Give back exactly the lines from the "0.25 CT. T.W." line to the final line of the records, and only those, minus any pictures.

··· Records ···

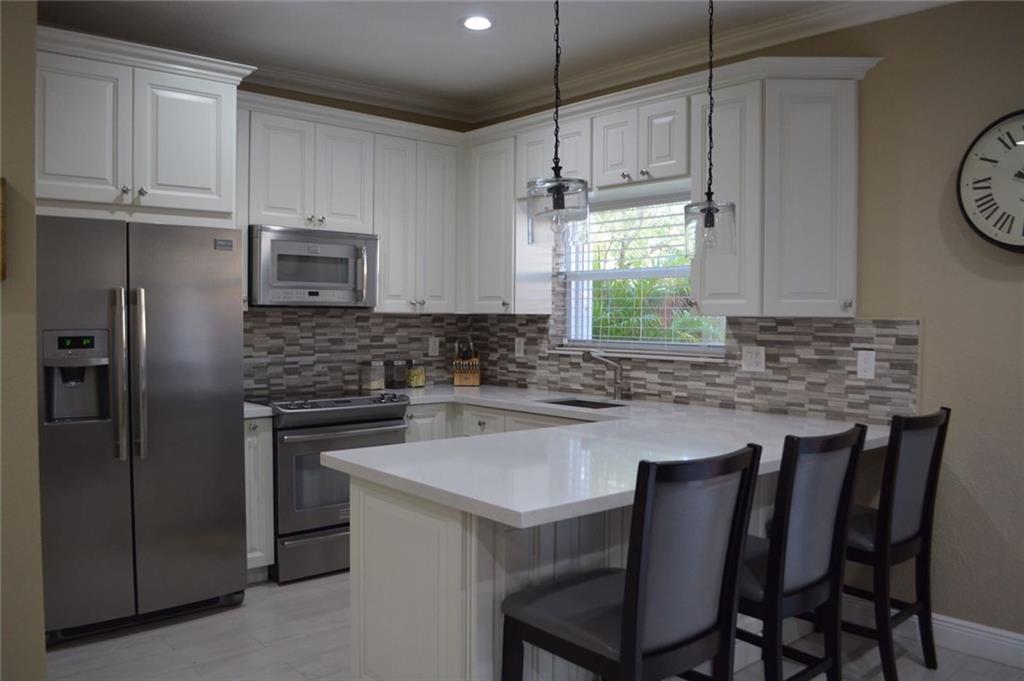 Absolutely stunning remodeled unit. Move right in to this immaculate Townhome with formal dining room, fabulous kitchen with top of the line stainless appliances and quartz counters, pantry closet. Huge fenced backyard with no lawn to cut. Custom built in closets in all bedrooms. Seamless shower doors in absolutely gorgeous baths. Hi hat lighting French doors, dimmers, custom home alarm system, with 4 exterior cameras ,accordion hurricane shutters, wood look tile flooring throughout, so much more must see
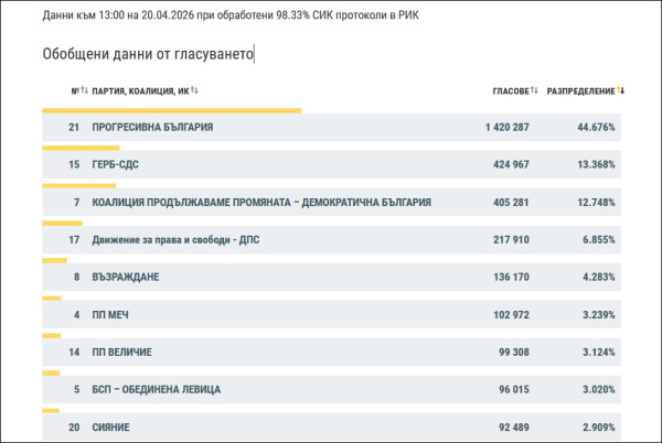 保加利亚中央选举委员会已统计超过98%的选票,"进步保加利亚"以44.7%的得票率排在第一位。英国《卫报》指出,这意味着,拉德夫领导的政党联盟有望赢得保加利亚国民议会240个议席中至少130个,控制议会半数以上的席位。
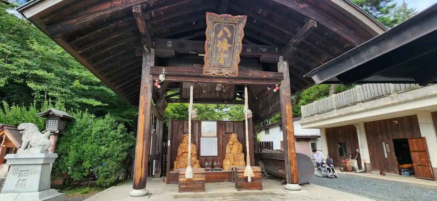 右奥にある大きな建物。扁額には「八幡宮」とあり、<大国さん>と<恵比須さん>の木像が鎮座している。
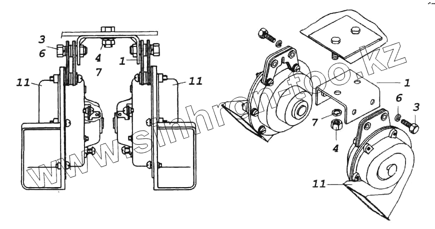 Каталог запасных частей к технике: Камский автозавод 6522. Установка звуковых электрических сигналов
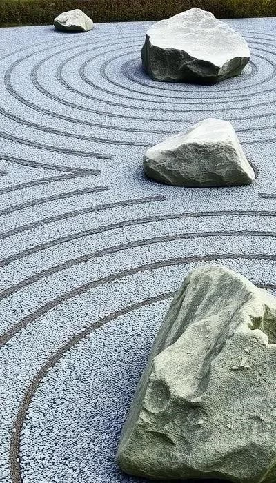 Сухой пейзаж, акцент на камнях и песке, медитативная функция.
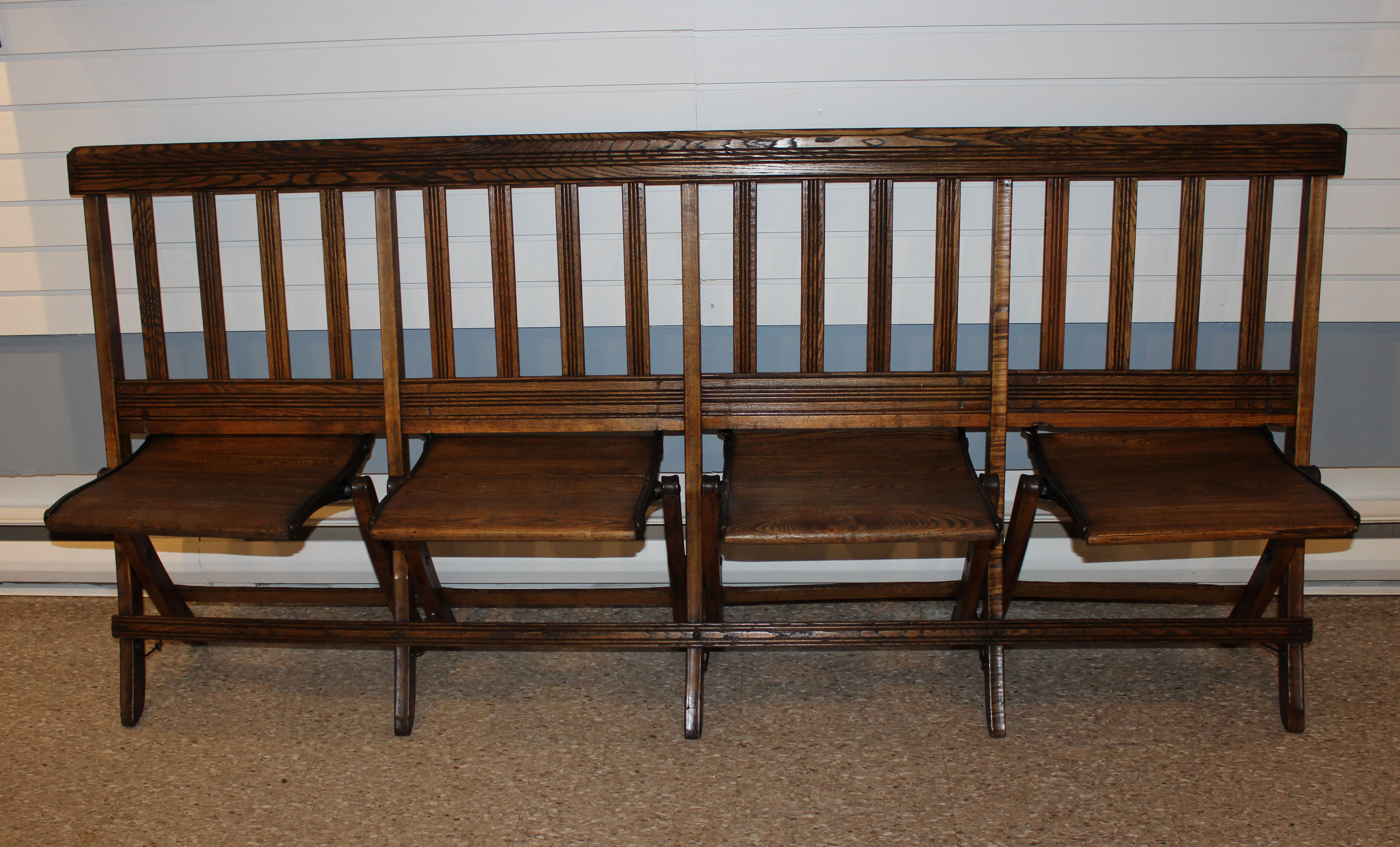 It has four separate seats that connect to one back rest. Each seat can flip up indendently when not in use.
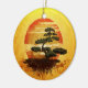 Beautiful illustration of a Japanese bonsai tree against a colorl sunset. Very tranquil and peaceful image.
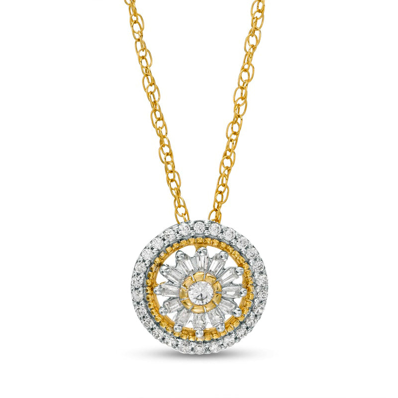 0.25 CT. T.W. Natural Diamond Double Frame Convertible Circle Pendant in 10K Yellow Gold
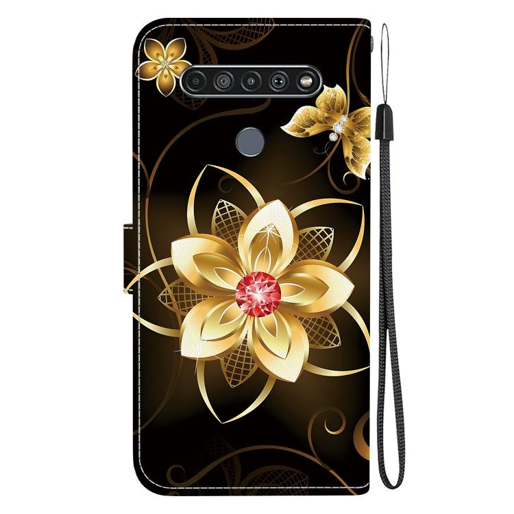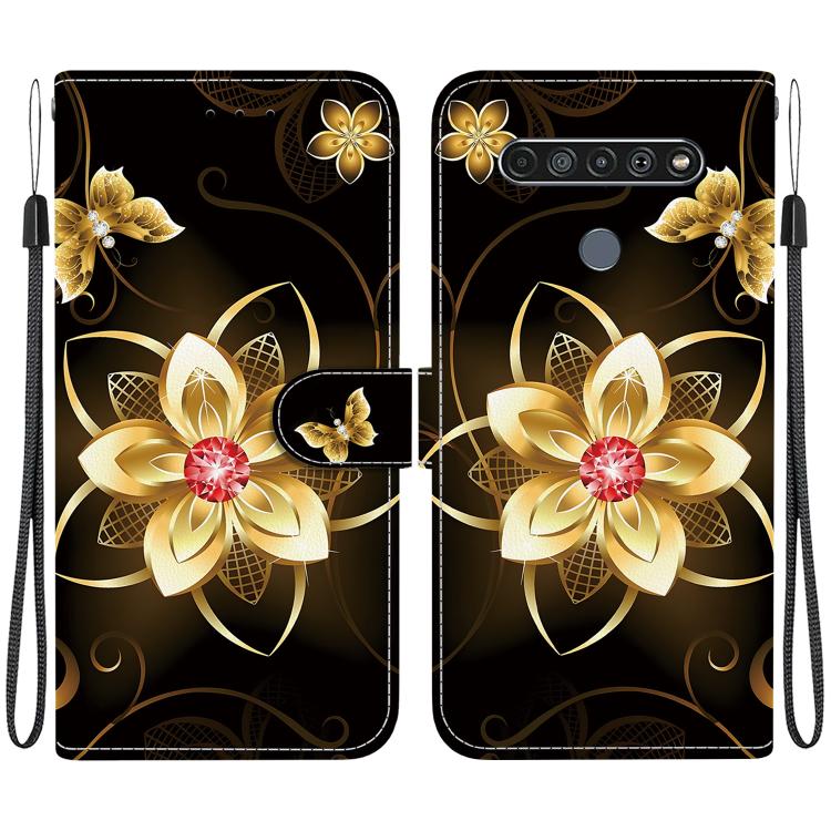 Funda de Cuero con Dibujo y Textura de Cristal para LG K61 (Flor Dorada)
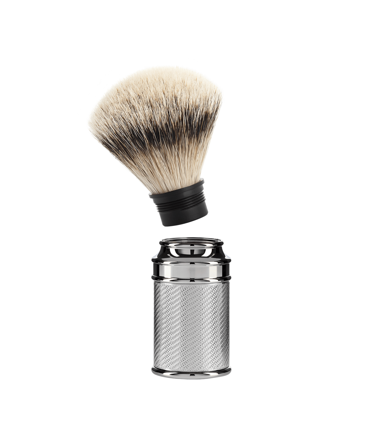Brocha de Afeitar Mühle Tejón Punta Plata Serie Traditional Cromada

···

● Written response
 0.25 CT. T.W. Natural Diamond Double Frame Convertible Circle Pendant in 10K Yellow Gold
 Funda de Cuero con Dibujo y Textura de Cristal para LG K61 (Flor Dorada)
Brocha de Afeitar Mühle Tejón Punta Plata Serie Traditional Cromada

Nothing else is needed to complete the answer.